BTS: Not claiming you are wrong. But you wrote
I'd like to add, science itself rests on certain scientifically unprovable assumptions, or first principles. These assumptions were made, philosophically, before what we would consider the age of modern science and helped enable it.
1) Nature is orderly: regular in pattern and structure.
2) Humans can know nature. They can deduce laws describing its order.
3) Everything has a natural cause.
3) Claims must be subject to objective demonstration to be true: nothing is self-evident.
4) Knowledge can be derived empirically through the senses, whether directly or through augmentation.
5) The senses can be trusted to provide a true knowledge of reality (see number 2 and 4)

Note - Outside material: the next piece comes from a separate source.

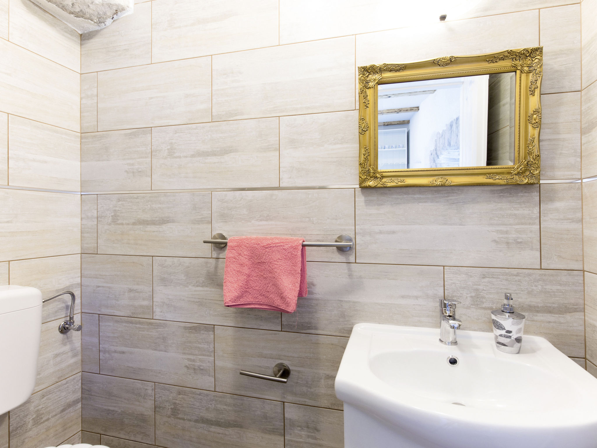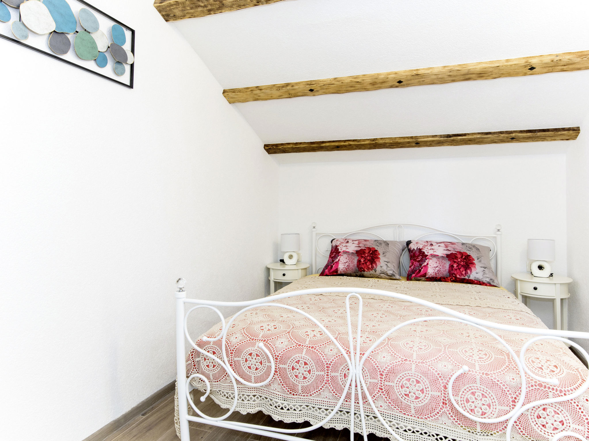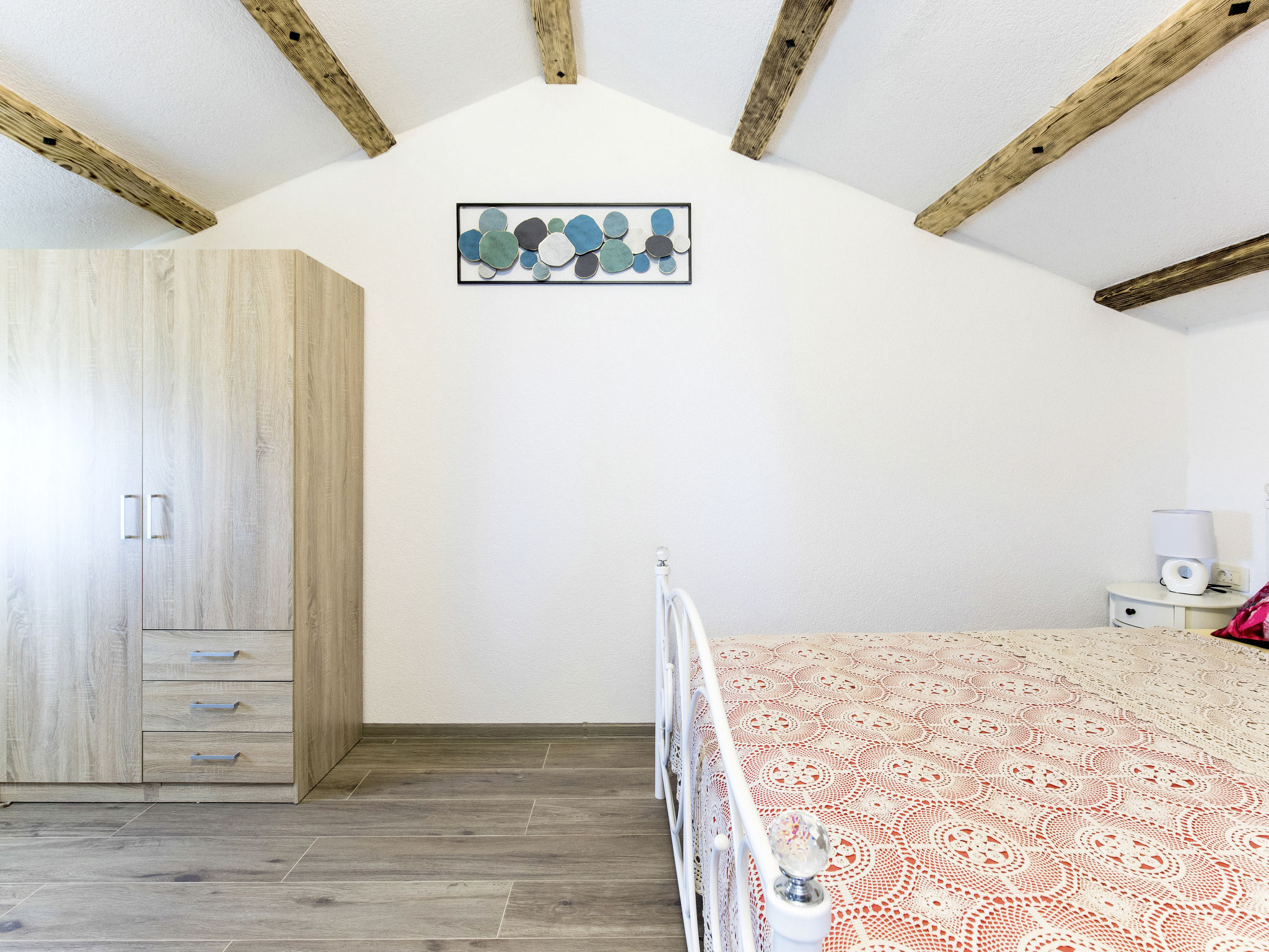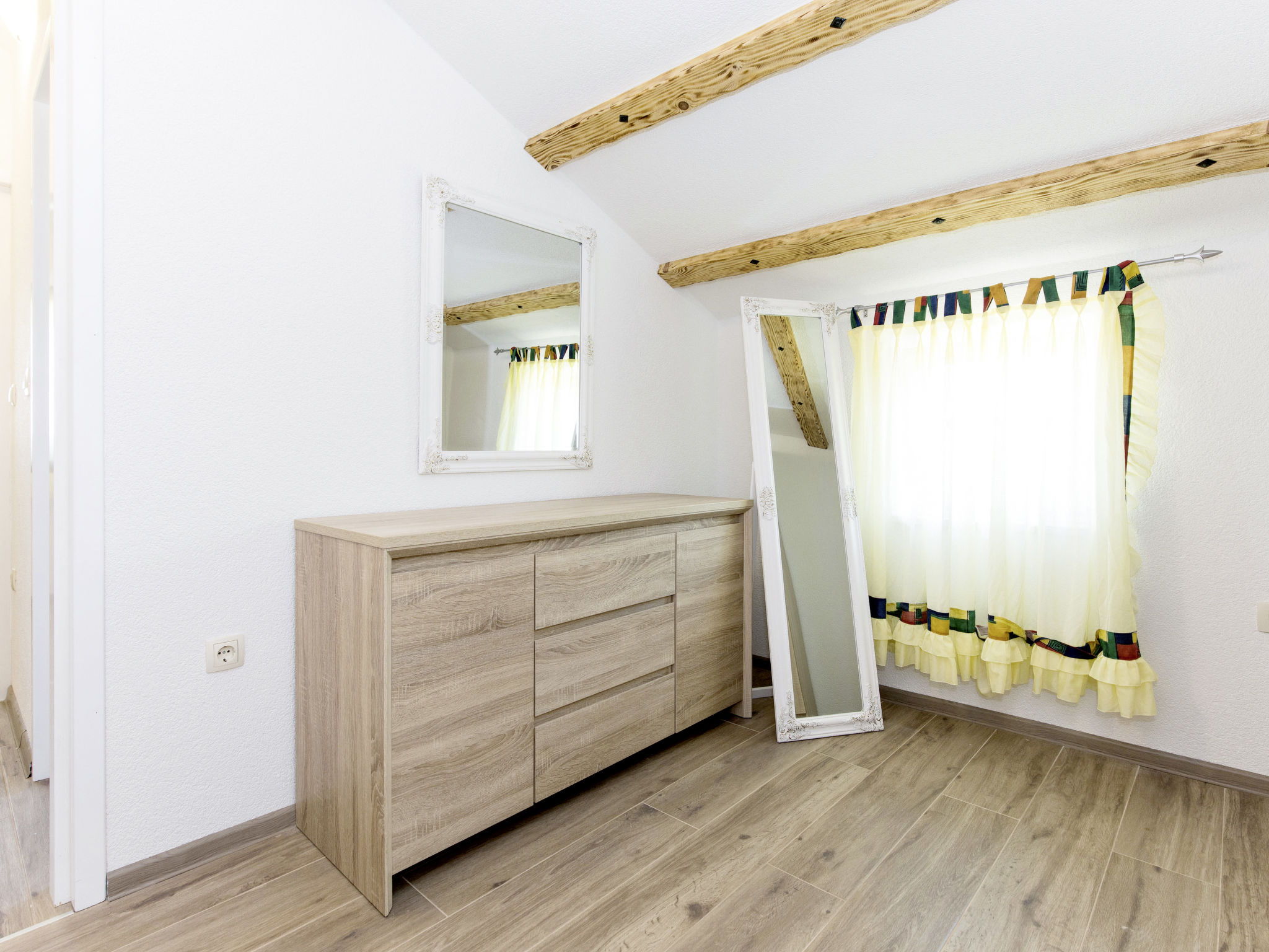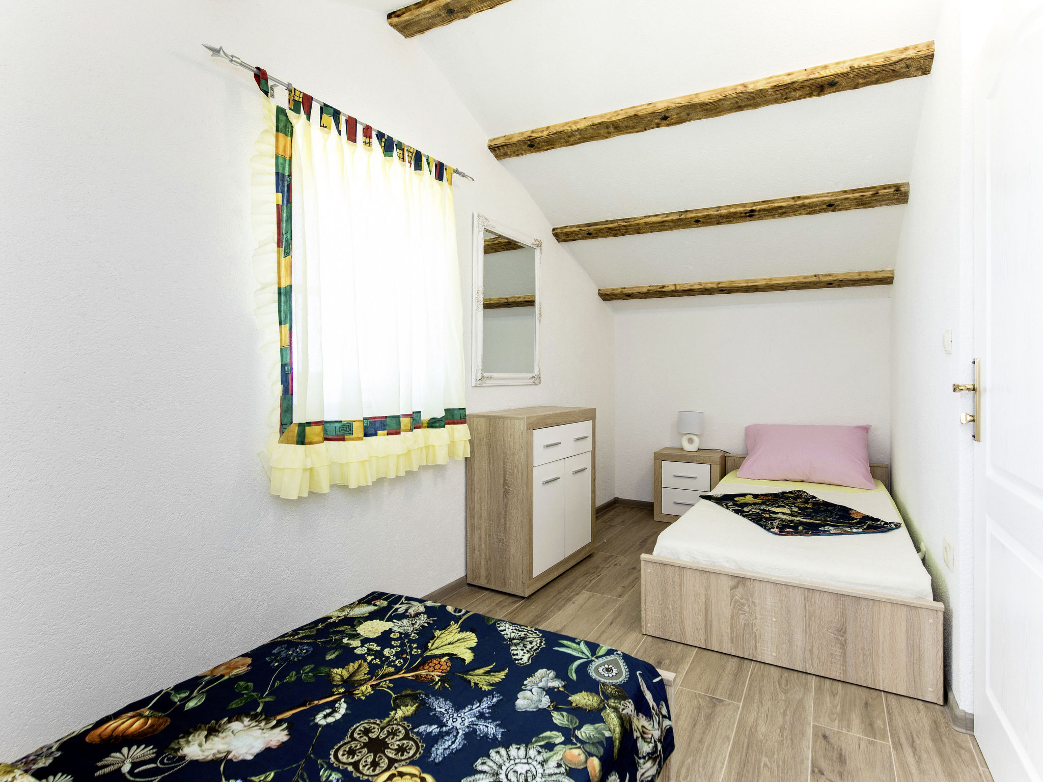 3-Zimmer-Reihenhaus 50 m2 auf 2 Stockwerken im 1. Stock. Objekt geeignet für 6 Erwachsene. Wohn-/Esszimmer mit 1 Doppeldiwanbett und Sat-TV. Ausgang zur Terrasse. Offene Küche (2 Glaskeramikherd Platten, Toaster, Wasserkocher, Mikrowelle, elektrische Kaffeemaschine). Dusche/WC. Obergeschoss: (geländerlose Treppe) 1 abgeschrägtes Zimmer mit 1 franz. Bett (160 cm). 1 abgeschrägtes Zimmer mit 2 Betten. Dusche/WC. Klimaanlage. Terrasse 45 m2. Terrassenmöbel, Gartengrill, Liegestühle (2), Abstellkammer. Sicht auf das Meer. Zur Verfügung: Waschmaschine, Bügeleisen. Internet (Wireless LAN, gratis). Parkplatz (1 Auto) beim Haus. Bitte beachten: Nichtraucher-Haus. Maximal 2 Haustiere/Hunde erlaubt.

Lets begin by the second item 3). "Claims must be subject to objective demonstration to be true". Thats a funny item to find on a list of unproven assumptions ;-). anyway, 1, 2, 3 and possible 5 seem to be imperical claims: It need not be so. Certainly, Sylvia will agree with me on the first number 3 :-).
Finally number 5 - it properly need to be augmented by adding "But they do a really lousy job, dont trust them unless you are looking at an instrument!"
snowbird: A great body of emperical material is avaliable on the subject. As far as explaining it, there has been attempts - but before the experimental situation improve to the point where there is an agreement what, exactly, the observable telepathic phenomona are, it is difficult to find an explanation.
Meeting Junkie: Pythagaros once had a man killed for prooving a theorem he didnt like.
Thats hardcore.
Didnt know he was said to be able to raise the death though!
All the rest - Thanks for all the input!